The relationship between Texas and the country music establishment has long been uneasy (there’s even a major exhibit running for the next three years at the Country Music Hall of Fame documenting that uneasy relationship!). We’ve produced some of the biggest and greatest stars the genre has ever seen—but when it comes to what sells in Nashville, Texans tend to be outsiders and outlaws more than celebrated members of the mainstream.

At least, that’s true for the fellas. When it comes to the women of country music, Texans are killing it. The nominees for the Country Music Association Awards were announced Tuesday, and three of the five nominees for female vocalist of the year are from right here: Kacey Musgraves, Maren Morris, and Miranda Lambert.
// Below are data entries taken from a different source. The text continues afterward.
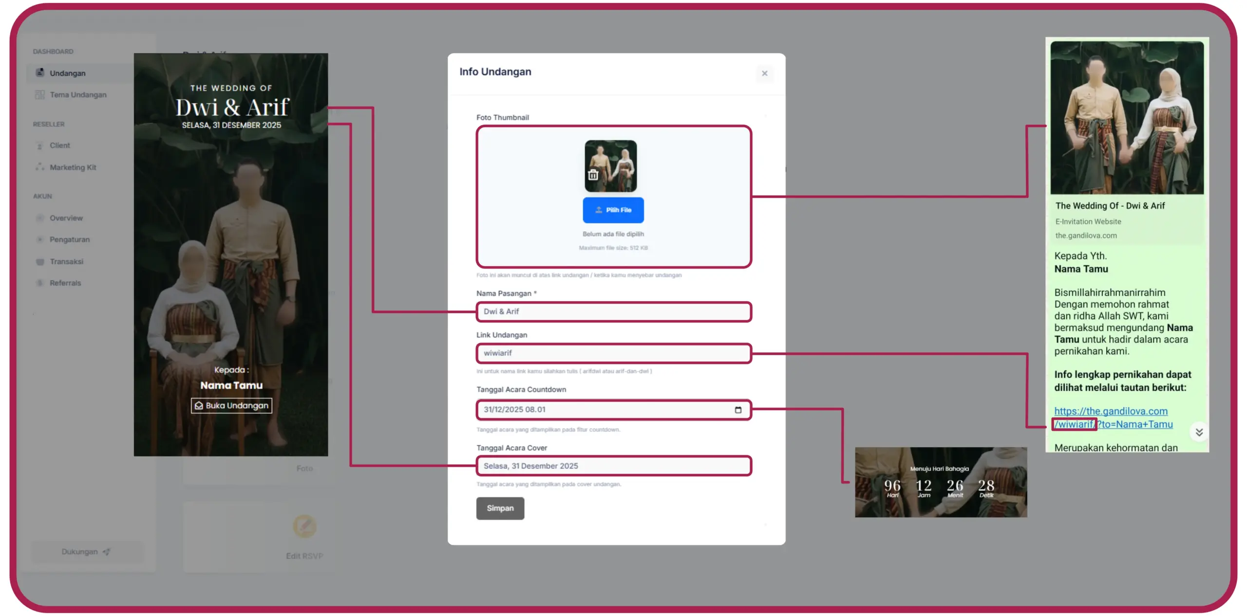 1. From Foto Thumbnail : Foto ini akan muncul pertama kali ketika link undangan anda disebar ( Contoh Terlampir )
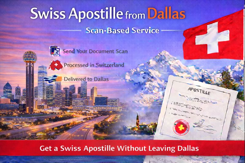 Get a Swiss apostille from Dallas without traveling to Switzerland. We handle the entire process remotely using a secure scan-based workflow.
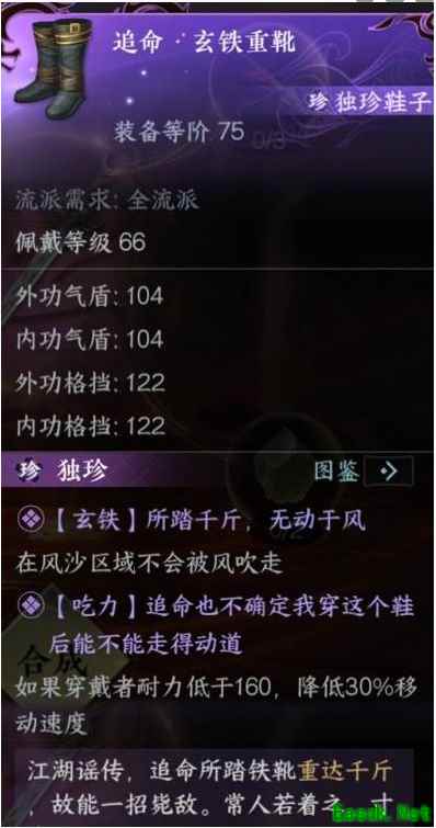 二、属性介绍 1、品质:独珍。 2、有利于玩家在风沙区域行走,如果玩家的耐力值小于160,移速将会降低30%。
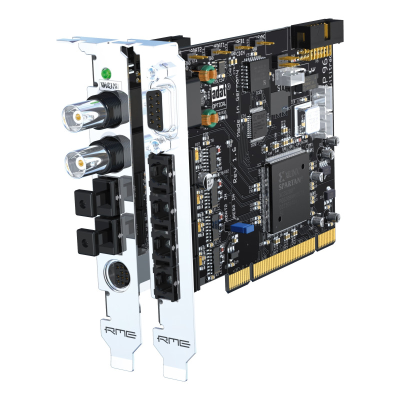 RME HDSP 9652 24-битная 54-канальная звуковая карта, оснащенная входами\выходами формата ADAT. Устройство также оснащено 2 портами MIDI\O, 1352-канальным микшером TotalMix FX и одним портом SPDIF. Микшер создает независимый процесс микширования и маршрутизации для всех каналов. Модель работает на базе драйвера RME, который обеспечивает эффективную защиту от возможных помех или искажений звукового сигнала. Плата оснащена свободно масштабируемым измерителем уровня звука HDSP Meter Bridge.MIDI, аналоговые и цифровые входы\выходы подключаются к плате при помощи разъема D-sub.
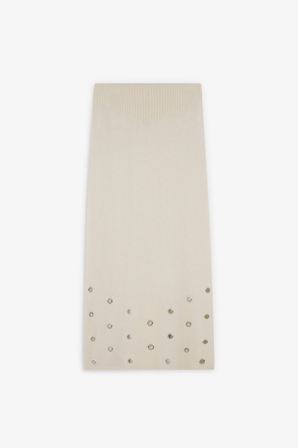 Falda midi de punto confeccionada en mezcla de algodón. Slim fit y detalle de ojales en el bajo.
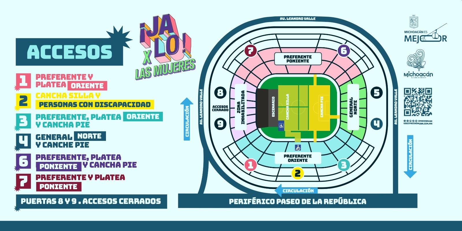 Morelia, Michoacán, 14 de agosto 2025.- Con motivo del concierto gratuito de Carín León este 16 de agosto, dentro del Festival Jalo x las Mujeres organizado por el Gobierno de Michoacán, se habilitarán seis accesos al Estadio Morelos, los cuales abrirán a partir de las 16:00 horas.

All three artists have had a good past twelve months. Musgraves has been the most active in the year that the award show covers—her fourth album, Golden Hour, a critically acclaimed breakthrough that reflects a new maturity in songwriting, was released in March—while Morris and Lambert have spent the past year touring behind and releasing new singles from their 2016 albums.

But what albums they are! Morris’s Hero earned her new artist of the year honors at the 2016 edition of the CMAs, and an album of the year nomination at the same ceremony. Lambert’s The Weight of These Wings, meanwhile, earned a nomination at the 2017 CMAs and platinum certification from the RIAA.
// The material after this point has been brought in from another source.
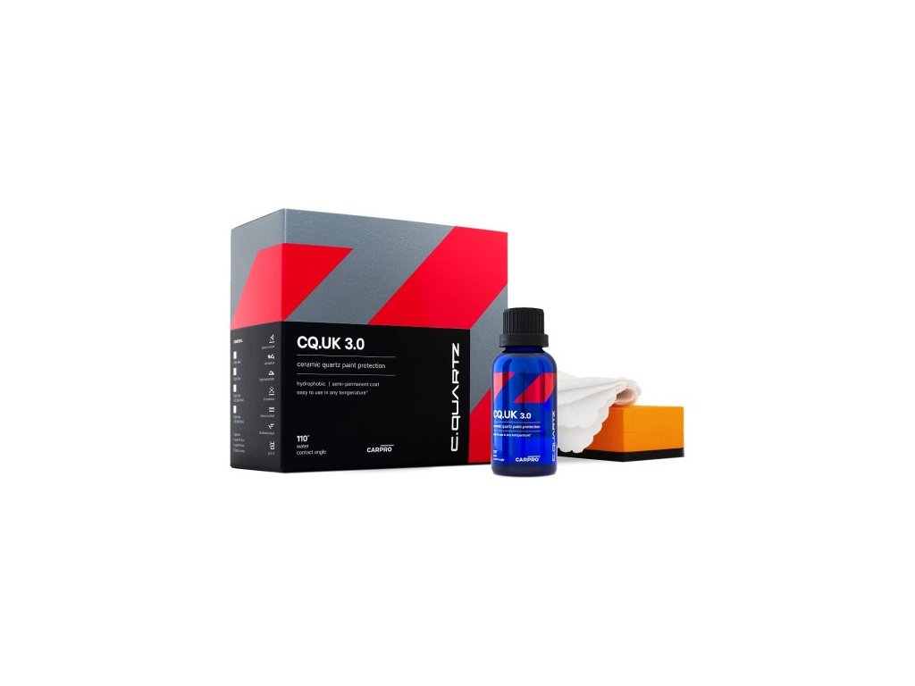CarPro CQuartz UK je světově proslulý a velmi uznávaný keramický povlak. Nová a vylepšená verze CQuartz UK 3.0 se snadno používá ve všech klimatických podmínkách. CQuartz UK 3.0 nabízí neuvěřitelnou odolnost vůči chemikáliím, soli a poškození vlivem životního prostředí, stejně jako ochranu proti UV záření. Vysoký obsah oxidu křemičitého (70 % SiO2) a křemene vytváří vrstvu pevného povlaku na povrchu lakovaných ploch. Díky tomu zvyšuje mechanickou odolnost laku a ve vysoké míře ho chrání před poškrábáním. Působením tepla pak nanopovlak postupně zvyšuje svoji tvrdost. CQuartz UK 3.0 dodává neuvěřitelnou vodoodpudivost a trvanlivost měřitelnou v rocích!
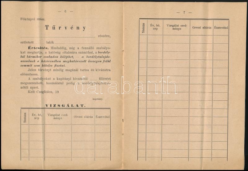 1887 Tűrvény (sic!) Bordélyosokról és kéjnőkről szóló szabályrendelet ... https://www.darabanth.com/hu/302-Gyorsarveres/302.0/Festmeny-mutargy-papirregiseg-egyeb/Okmanyok~17/1887-Turveny-sic-Bordelyosokrol-es-kejnokrol-szolo-szabalyrendelet-es-orvosi-igazola~II1624258

Hero, as Morris’s major label debut, represented the emergence of a significant new voice in country music. She’s quickly proven herself to be one of the biggest stars in the format, with a whole lot of staying power—”Rich,” the fourth single from the album, was released in February, more than two years after the album’s first single was released. She’s also established herself as a potential crossover artist. Her collaboration with EDM producers Zedd and Grey, “The Middle,” peaked at number five on the Billboard 100, after she edged out Demi Lovato, Camila Cabello, Carly Rae Jepsen, Charlie XCX, and other pop superstars for the nod.

So it makes sense that Morris scored herself a female vocalist of the year nomination for the third consecutive year—she’s one of the highest-flying and most relevant stars in country music, with a bright future ahead of her whenever she releases her much-anticipated sophomore album.

Lambert, meanwhile, is a perennial contender for the award. The country music establishment struggled to identify exactly what to make of her chart-topping smash debut album, 2004’s Kerosene—she wrote her own songs, and those songs were anything but demure. After the release of her 2007 follow-up, Crazy Ex-Girlfriend, Lambert became a fixture in the female vocalist of the year category—this nomination represents her twelfth consecutive nod in the category, and since winning for the first time in 2010, she’s taken the prize home with her every year except 2016.

That 2016 ceremony featured the same five women as the 2018 list does: Lambert, Morris, Musgraves, Carrie Underwood, and Kelsea Ballerini. That’s not exactly a surprise. The vocalist of the year categories at the CMAs are less about any artist’s accomplishments in the past year and more of a snapshot of who the most popular and relevant artists working in the industry are at the time. As such, the category doesn’t change a whole lot. Musgraves spent 2013-2016 as a nominee (she was briefly replaced by Reba McEntire, who’s been a recurring presence in the category since 1983), and Morris’s three-year tenure among the nominees indicates that the faces who make up the most important female vocalists in country music are fairly established. Underwood hasn’t missed a nomination since her debut album was released in 2006, and Ballerini has been a fixture since her breakthrough in 2015.

The CMAs don’t actively work to shake up their nominees, or to surprise fans by seeking out an unexpected name—rather, in the spirit of the genre’s populism, they reflect the biggest and most relevant stars country music has to offer. In the male vocalist of the year category, that’s a lot of bros from Nashville. When it comes to the ladies, though, Texas women are the queens of country.